# Another "what kind of scope should I buy" question



## elderberry99 (Aug 18, 2005)

I am about to purchase my new .243 Savage Rifle in 11Fl bolt. I will be shooting in pretty close cover with my shots being no more then 75 or 80 yards out. I have been using a Swift 2x7x40 and it was decent. 
In keeping the cost factor down to about $250, what is a great scope for this Rifle. I will be hunting whitetails only with the occaional off season back yard target to keep sharp. I do not want a scope with AO. I think the 2X7 or a 2.5X8 wiss do me fine for power magnification.

:sniper:


----------



## Robert A. Langager (Feb 22, 2002)

Sightron. They make a great scope and the price is right. The have the same warranty as Leupold, Burris etc. Any problems, send it back for a new one. Keep an eye on the shooting sites, snipershide.com, rimfirecentral.com. Good scopes come up in the classifieds quite often.

Robert


----------



## Gohon (Feb 14, 2005)

Might take a look at the new Simmons PLX Aetec Scopes.
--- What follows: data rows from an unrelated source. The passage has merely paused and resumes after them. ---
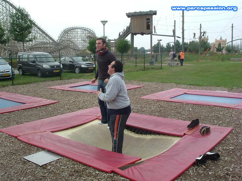 Louis-Gabriel et Mathieu sur un trampoline à Toverland / Mathieu en lévitation, merci Louis-Gabriel !
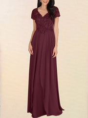 Lace A-Line V-Neck Half Sleeves Dress-BM00024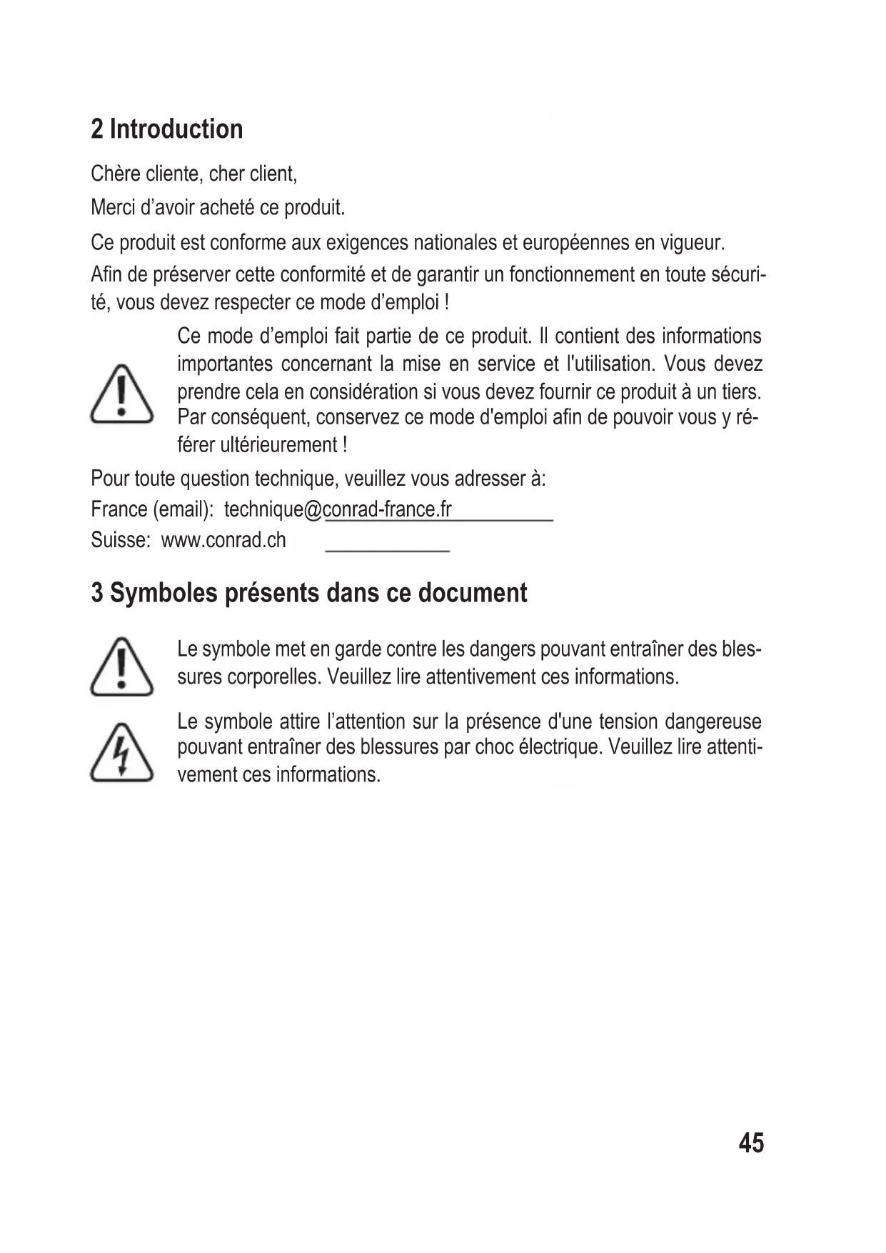 - 16.2 Bloc d'alimentation 442 Introduction Chère cliente, cher client, Merci d’avoir acheté ce produit. Ce produit est conforme aux exigences nationales et européennes en vigueur. An de préserver cette conformité et de garantir un fonctionnement en toute sécuri- té, vous devez respecter ce mode d’emploi ! Ce mode d’emploi fait partie de ce produit. Il contient des informations importantes concernant la mise en service et l'utilisation. Vous devez prendre cela en considération si vous devez fournir ce produit à un tiers. Par conséquent, conservez ce mode d'emploi an de pouvoir vous y ré- férer ultérieurement ! Pour toute question technique, veuillez vous adresser à: France (email): technique@conrad-france.fr Suisse: www.conrad.ch 3 Symboles présents dans ce document Le symbole met en garde contre les dangers pouvant entraîner des bles- sures corporelles. Veuillez lire attentivement ces informations. Le symbole attire l’attention sur la présence d'une tension dangereuse pouvant entraîner des blessures par choc électrique. Veuillez lire attenti- vement ces informations. 454 Utilisation prévue Le produit génère une image agrandie et est adapté à l'examen d'objets solides tels que les pièces de monnaie, les timbres, les pierres, les insectes, les plantes, les textiles, les cartes de circuits imprimés, etc. Le produit est destiné uniquement à une utilisation à l’intérieur. Ne l'utilisez pas à l’extérieur. Dans tous les cas, le contact avec l’humidité doit être évité. Toute utilisation à des ns autres que celles décrites pourrait endommager le pro- duit. Une mauvaise utilisation peut entraîner des risques tels que des courts-circuits, des incendies, des chocs électriques, etc. Ce produit est conforme aux exigences nationales et européennes en vigueur. Pour des raisons de sécurité et d’homologation, toute restructuration et/ou modication du produit est interdite. Lisez attentivement les instructions du mode d’emploi et conservez ce dernier dans un endroit sûr. Ne mettez ce produit à la disposition de tiers qu’avec son mode d’emploi. Tous les noms d’entreprises et appellations de produits sont des marques commer- ciales de leurs propriétaires respectifs. Tous droits réservés. 5 Contenu d'emballage p. 63

They are using the aspherical lens system now, have a whopping 5 inch eye relief and if you shop around these scopes should be had new for about $200. Make sure it is the new Master series and not the older style. The Master series are just hitting the store shelves now and some stores are discounting the older models to try and move them out. They have a 2.8-10X44 that should cover any shooting you run up against. Just out of curiosity, why not a AO?


----------



## elderberry99 (Aug 18, 2005)

I do not feel the need for AO on a scope with the short distance I hunt. I am in my stand and can only see a distance of maybe 100 yards but that is not even a clear shot in the heavy woods so I wait for a closer target before even considering the shot. I like to wait until the deer reaches about 50 to 75 yards so I can see him better from the treestand. A 2x7 power would be just fine. That is what I hunted with last year and bagged the two bucks sitting in freezer.


----------



## ElusiveVAFox (Feb 16, 2005)

Super Sniper ...The lowest power these scopes have is a 10x I think but still very nice if you have a need for that or more. Maybe for something other than your treestand if you're keeping your shots to 50/ 75 yds out. 
Price is $299 for every one brand new. 
check out the site:

http://www.riflescopes.com/departments/ ... scopes.htm

"In sub-zero temperatures or searing desert heat (-50 degrees to +130 degrees Fahrenheit, and altitudes of 30,000 feet to depths of 15 feet in salt water) the waterproof, shockproof, fogproof Super Sniper performs. Whatever the weapon, from .223 to .50 BMG, the Super Sniper handles the recoil. Whatever the target, the Super Sniper gives you the best advantage. Made of lightweight aluminum but strong as steel, it has superior multicoated optics for maximum light transmission. Built to NATO specs."

Read the testimonials. VERY impressive.


----------